/---

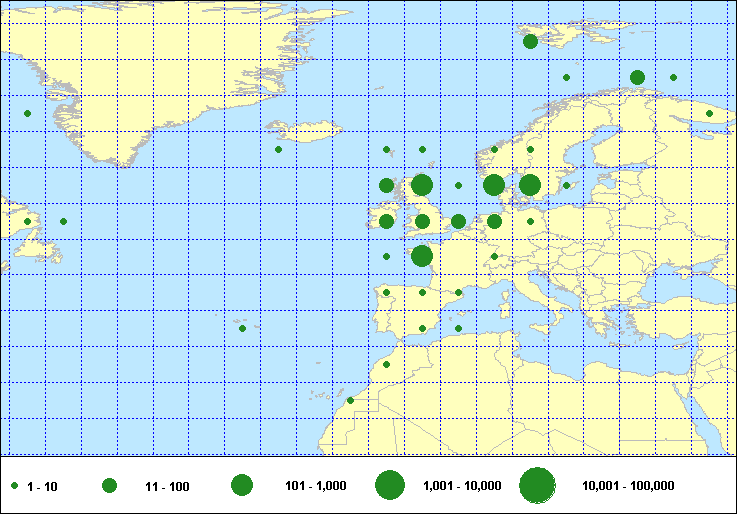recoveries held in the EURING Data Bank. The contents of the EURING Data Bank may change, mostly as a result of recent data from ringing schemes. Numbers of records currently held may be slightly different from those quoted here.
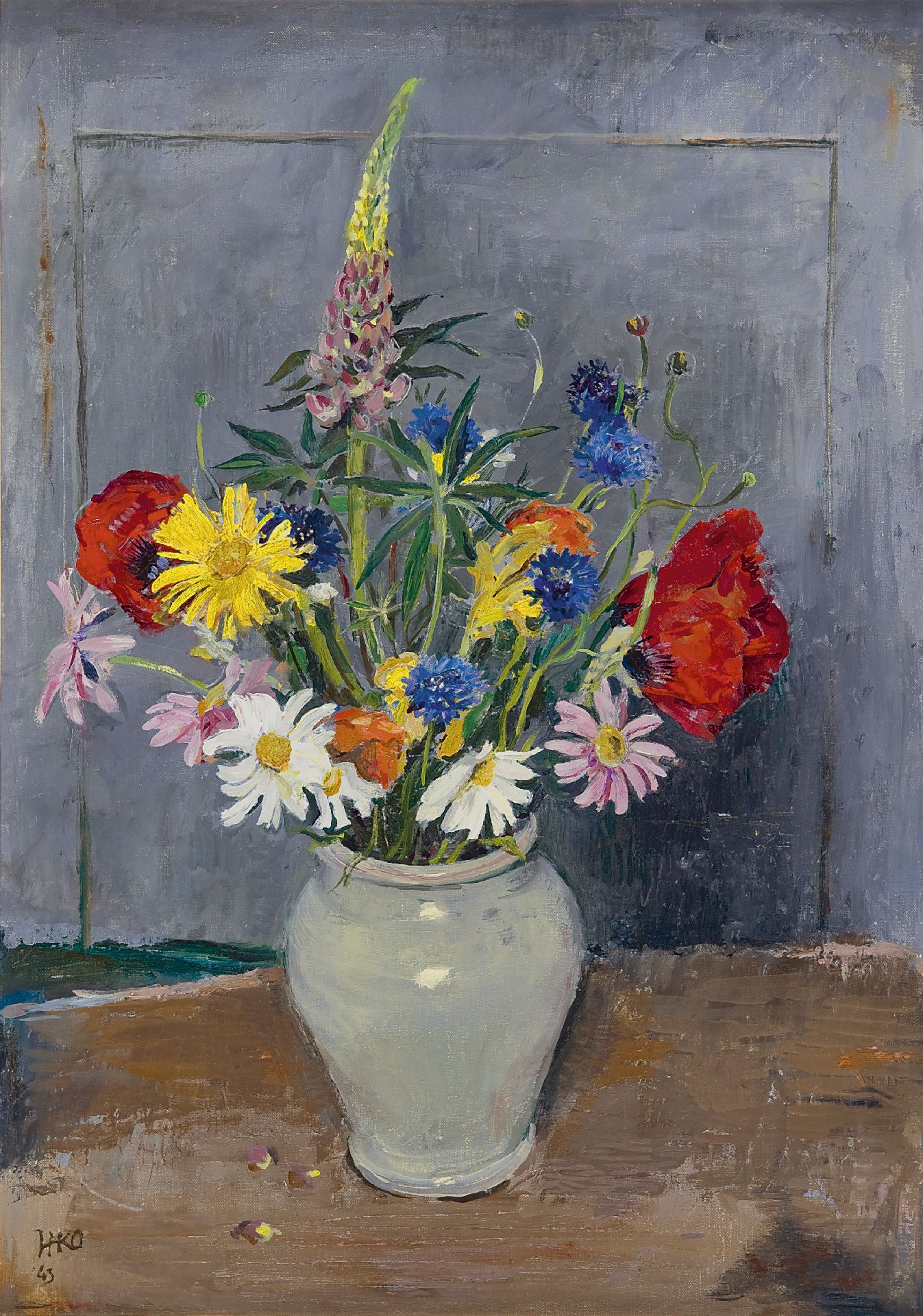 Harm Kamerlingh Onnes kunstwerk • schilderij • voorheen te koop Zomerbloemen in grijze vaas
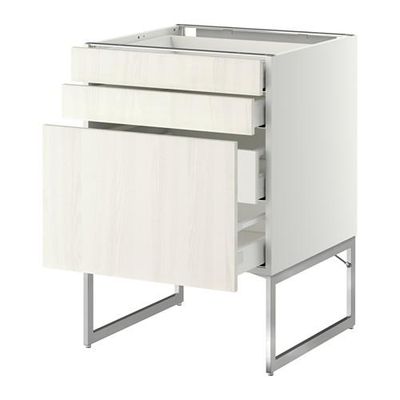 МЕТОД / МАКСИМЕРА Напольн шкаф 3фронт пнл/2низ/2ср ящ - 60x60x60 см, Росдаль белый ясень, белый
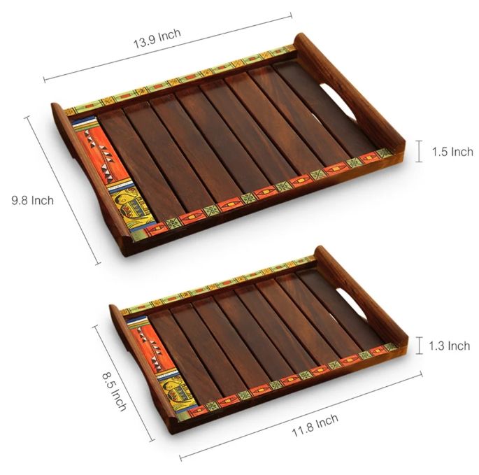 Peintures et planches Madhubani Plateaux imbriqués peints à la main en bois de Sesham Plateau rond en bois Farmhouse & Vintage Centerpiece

\---

Work required: Print out the material verbatim, skipping pictures.

Expected output:
recoveries held in the EURING Data Bank. The contents of the EURING Data Bank may change, mostly as a result of recent data from ringing schemes. Numbers of records currently held may be slightly different from those quoted here.
 Harm Kamerlingh Onnes kunstwerk • schilderij • voorheen te koop Zomerbloemen in grijze vaas
 МЕТОД / МАКСИМЕРА Напольн шкаф 3фронт пнл/2низ/2ср ящ - 60x60x60 см, Росдаль белый ясень, белый
 Peintures et planches Madhubani Plateaux imbriqués peints à la main en bois de Sesham Plateau rond en bois Farmhouse & Vintage Centerpiece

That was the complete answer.